To visualize this, imagine a number line. You'd put an open circle at 5.5 and shade everything to the right of it. The open circle indicates that 5.5 itself is not included in the solution set because the inequality is strictly greater than (x > 5.5), not greater than or equal to.
The critical step in this problem was dividing by a negative number. Forgetting to flip the inequality sign is a common mistake, so always double-check when you see a negative coefficient on your variable. The solution x > 11/2 includes all the values that make the original inequality true. As before, you can verify your answer by plugging in a value greater than 5.5 into the original inequality to see if it holds.
Solving -14x > 3.5
Alright, last one! Let's solve -14x > 3.5. Just like the previous problem, we're dealing with a negative coefficient on x. This means we'll need to flip the inequality sign when we divide both sides by -14. Let's do it:
-14x / -14 < 3.5 / -14
See how the greater than sign (>) has become a less than sign (<)? This simplifies to:
x < -0.25
So, the solution to the inequality -14x > 3.5 is x < -0.25. This means any value of x that is less than -0.25 will satisfy the inequality.

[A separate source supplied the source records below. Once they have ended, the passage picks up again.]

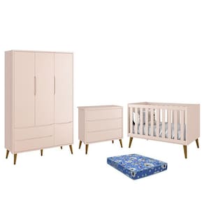Dormitório Infantil Theo Retrô 3 Portas, Cômoda, Berço com Pés Amadeirado e Colchão - Reller Móveis O Dormitório Theo Retrô é uma inspiração de épocas clássicas, uma releitura do estilo antigo nos tempos atuais, rejuvenescendo o ambiente com cores e formas. Seus pés pontiagudos realçam ainda mais essa proposta. Ele é composto por um Guarda-Roupa e uma Cômoda Theo Retrô de amplo espaço interno, perfeitos para a organização total do quartinho do bebê. Suas gavetas possuem corrediças telescópicas e seus puxadores são embutidos, agregando beleza e modernidade ao ambiente. Pelo Berço Theo Retrô, que além de muito estiloso, transforma-se em mini cama com proteção, auxiliando na transição do berço para caminha, desfrutando do móvel por mais tempo. E para completar o Colchão Baby Physical da Ortobom vai garantir noites tranquilas de confortáveis que seu filho merece Deixe o quartinho do seu filho moderno e encantador com o Dormitório Theo Retrô.
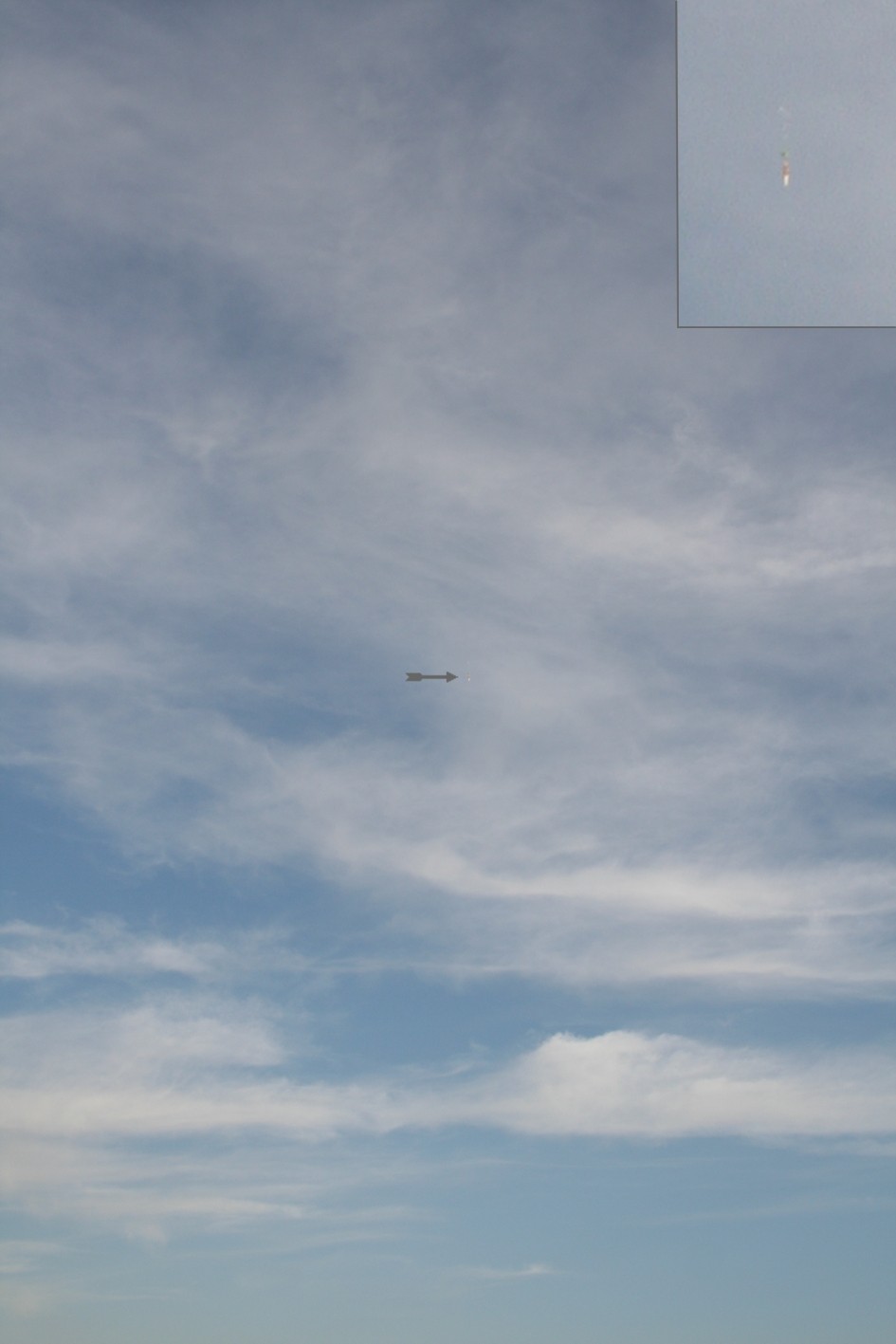 | Altitud conseguida | 800 metros (aproximadamente) No medido con altímetro, calculado a partir de las observaciones visuales y el tiempo de retorno al suelo | |||
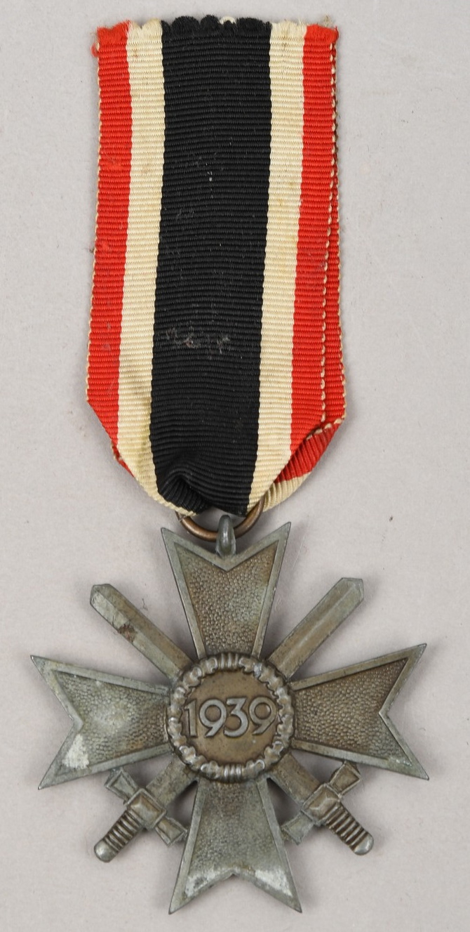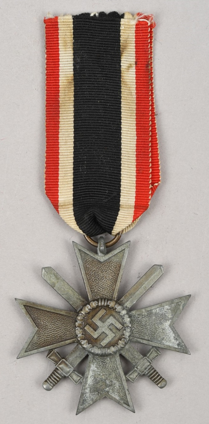 War Merit Cross 2’nd class with swords. High quality example, constructed of Zinc. The medal comes complete with intact suspension ring and correct rayon ribbon. The suspension ring is maker marked “108” for “Arno Wallpach, Salzburg”. The cross has lost it’s bronze color wash and shows some oxidation.
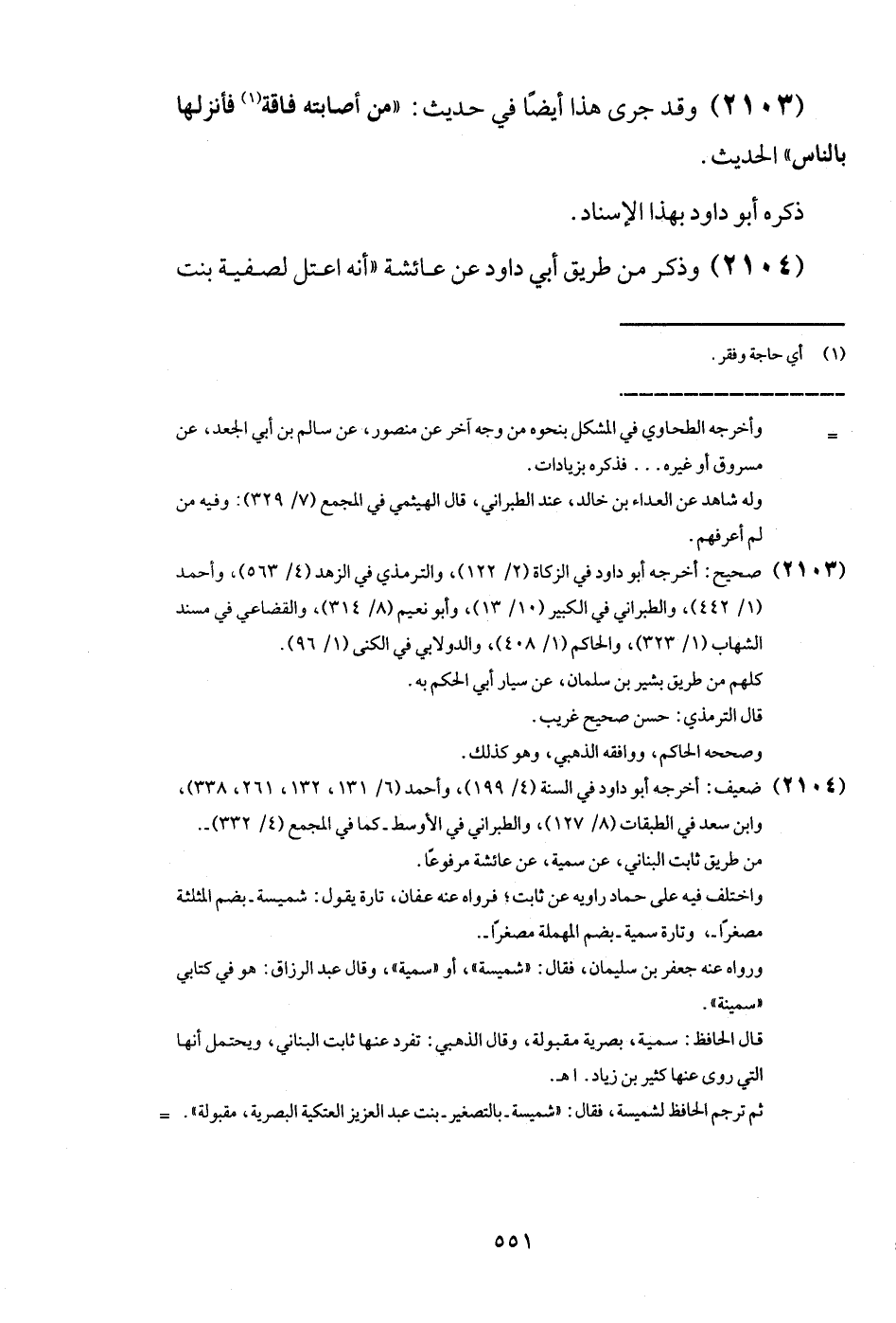 (2104) وَذكر من طَرِيق أبي دَاوُد عَن عَائِشَة " أَنه اعتل لصفية بنت

On a number line, you would place an open circle at -0.25 and shade everything to the left of it. The open circle indicates that -0.25 is not included in the solution set because the inequality is strictly less than (x < -0.25), not less than or equal to.
The key takeaway here is that dividing by a negative number changes the direction of the inequality. The solution x < -0.25 encompasses all values that make the original inequality true. Always remember to verify your solutions by substituting a value less than -0.25 into the original inequality to ensure it holds valid.
Key Takeaways
- Isolate the variable: Your primary goal is always to get the variable by itself on one side of the inequality.
- Flip the sign: Remember to flip the inequality sign whenever you multiply or divide both sides by a negative number.
- Check your work: Plug your solution back into the original inequality to make sure it holds true.
inequalities can seem tricky at first, but with practice, you'll get the hang of it. Keep these tips in mind, and you'll be solving inequalities like a pro in no time! Good luck, and keep practicing!